Mr. Know-It-All said:


> Pizzonia has ALWAYS had great TESTING pace. Never had good race pace.
> 
> We shall see at Germany.


Germany will be the breakpoint in Pizzonia's career. His successful testing career has always been with Williams. The lack of success he's had in his F1 race career has been with Jaguar. Big difference. He hasn't raced in about a year and that may work against him. It will be interesting to watch.


----------



## berford (Sep 10, 2002)

WILLIA///M said:


> To quote Ross Brawn, "It's not like they were going to win anyway."

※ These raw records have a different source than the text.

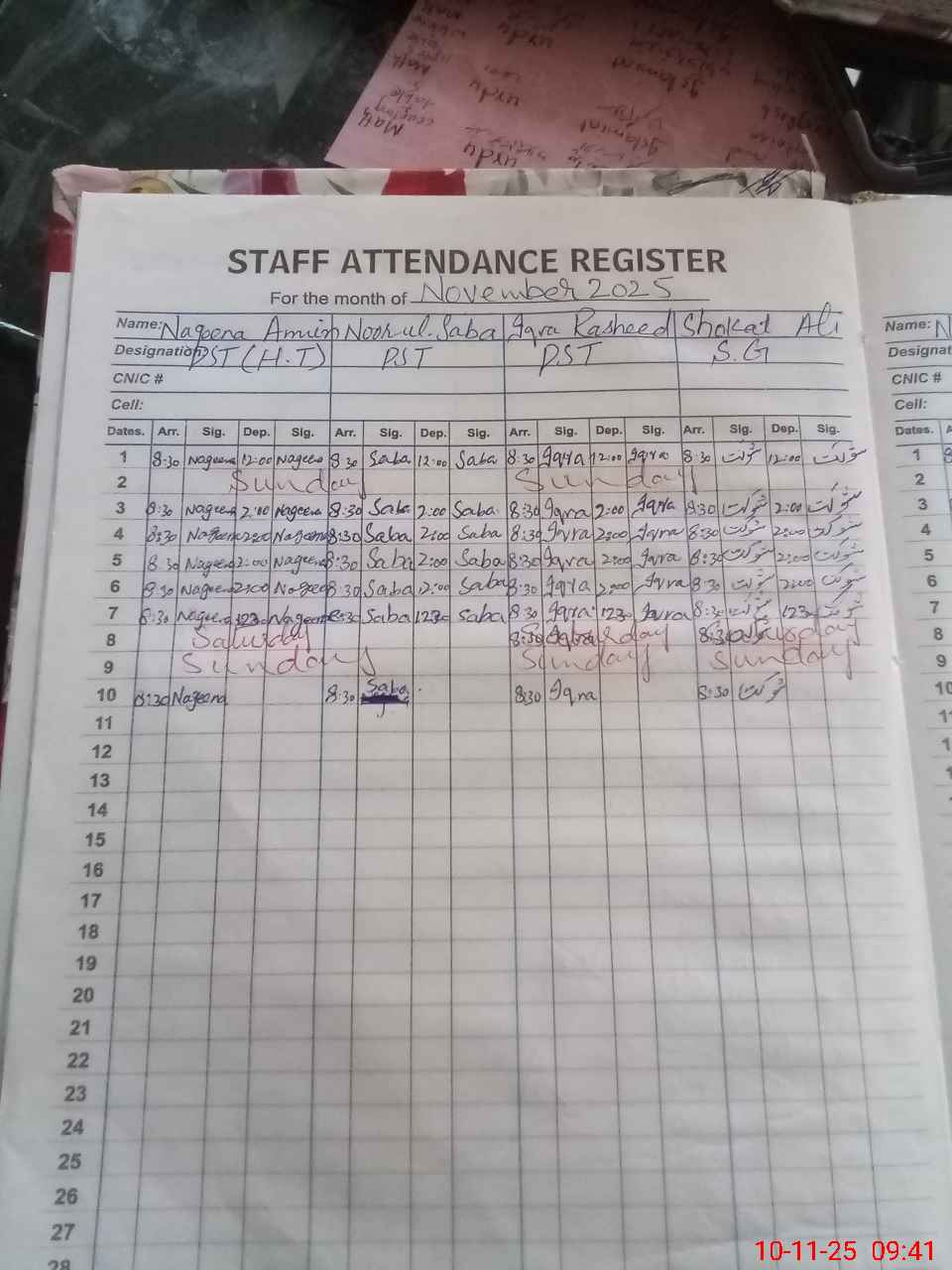 | Name: NA**** AM**** Designation: (School Headmaster's/Headmistress's) PST Phone/Cell Number: 03**** |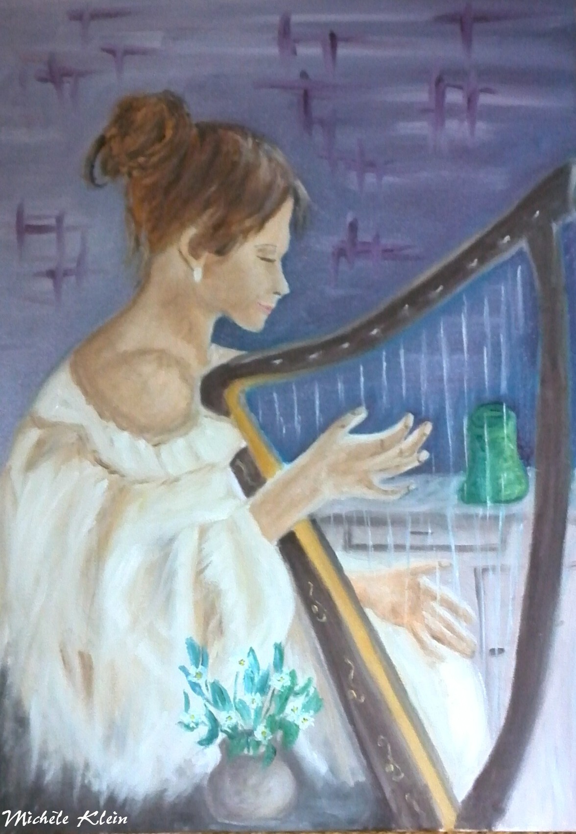 Huile sur toile de 50x70 représentant une jeune femme jouant de la harpe. ( Sans la musique, la vie serait une erreur.)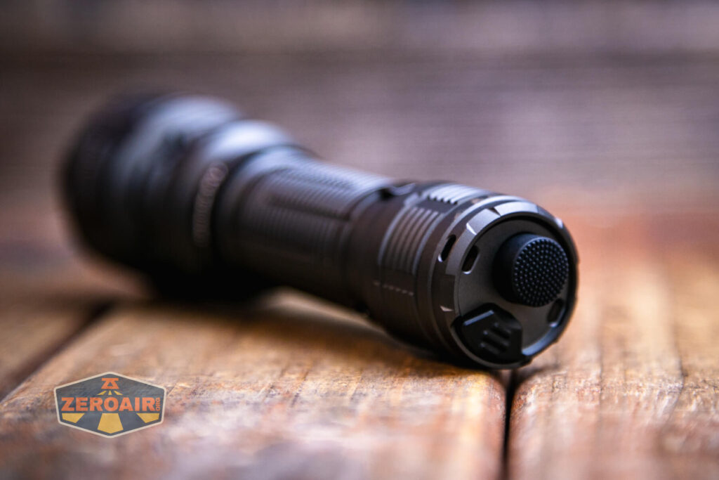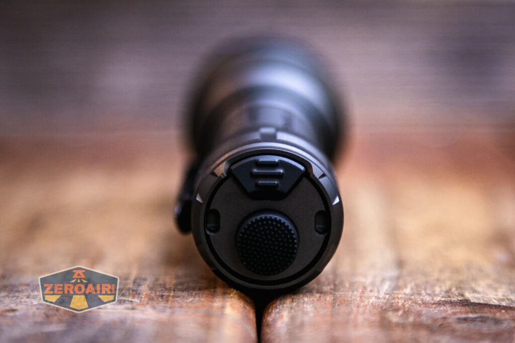 Giống như các phiên bản đèn tác chiến ra đời trước là Acebeam P16 thì Acebeam P17 Defender cũng có công tắc trên đuôi. Một là nút là công tắc chính để dùng lực chính với chức năng là ON/OFF, nút lẫy còn lại sẽ bấm nhẹ hơn và hỗ trợ các chế độ sáng phụ.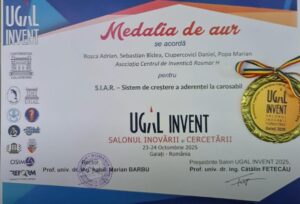 Echipa Centrului de inventică Rosmar H, condusă de bârlădeanul Adrian Roșca, a fost premiată cu medalia de aur la Salonul Inovării și Cercetării UGAL Invent, ediția a VII-a.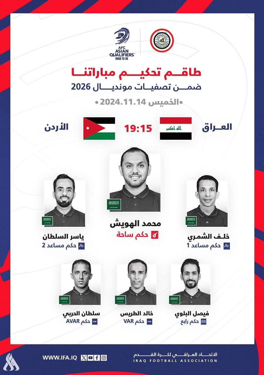 وأضاف، أنه “سيقود مواجهة منتخبنا الوطنيّ و الأردن في البصرة بتأريخ (14/11) الساعة السابعة والربع مساءً (19:15) طاقم تحكيمي سعودي بقيادة الدوليّ محمد الهويش ويساعده كل من خلف الشمري و ياسر السلطان وفيصل البلوي حكماً رابعاً”.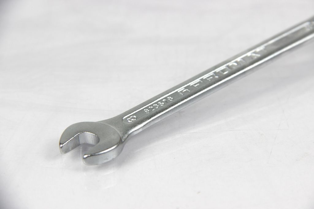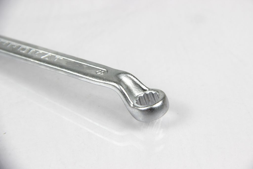 Das Werkzeug ist aus hochfestem Chrom-Vanadium-Stahl geschmiedet, was ihm trotz seiner geringen Größe eine enorme Belastbarkeit verleiht. Die Kombination aus einem präzise gearbeiteten Maul und einem 15° abgewinkelten Ringprofil ermöglicht ein effizientes Arbeiten, selbst unter beengten Platzverhältnissen. Die verchromte Oberfläche sorgt für einen professionellen Korrosionsschutz und eine lange Lebensdauer im täglichen Werkstatteinsatz.

Always a kind word from the men in red. :thumbdwn:


----------



## SteveT (Dec 22, 2001)

berford said:


> Always a kind word from the men in red. :thumbdwn:


Have you noticed that he likes to kick dirt on Williams? I wonder if there's some sort of resentment there? Did Patrick kick him out?


----------



## berford (Sep 10, 2002)

SteveT said:


> Have you noticed that he likes to kick dirt on Williams? I wonder if there's some sort of resentment there? Did Patrick kick him out?


No matter how badly Williams is doing, I think he always views the good guys as a threat to Ferrari's position. You'd think he could relax that attitude about now, though. Oh, well, once a whiner, always a whiner, I suppose.


----------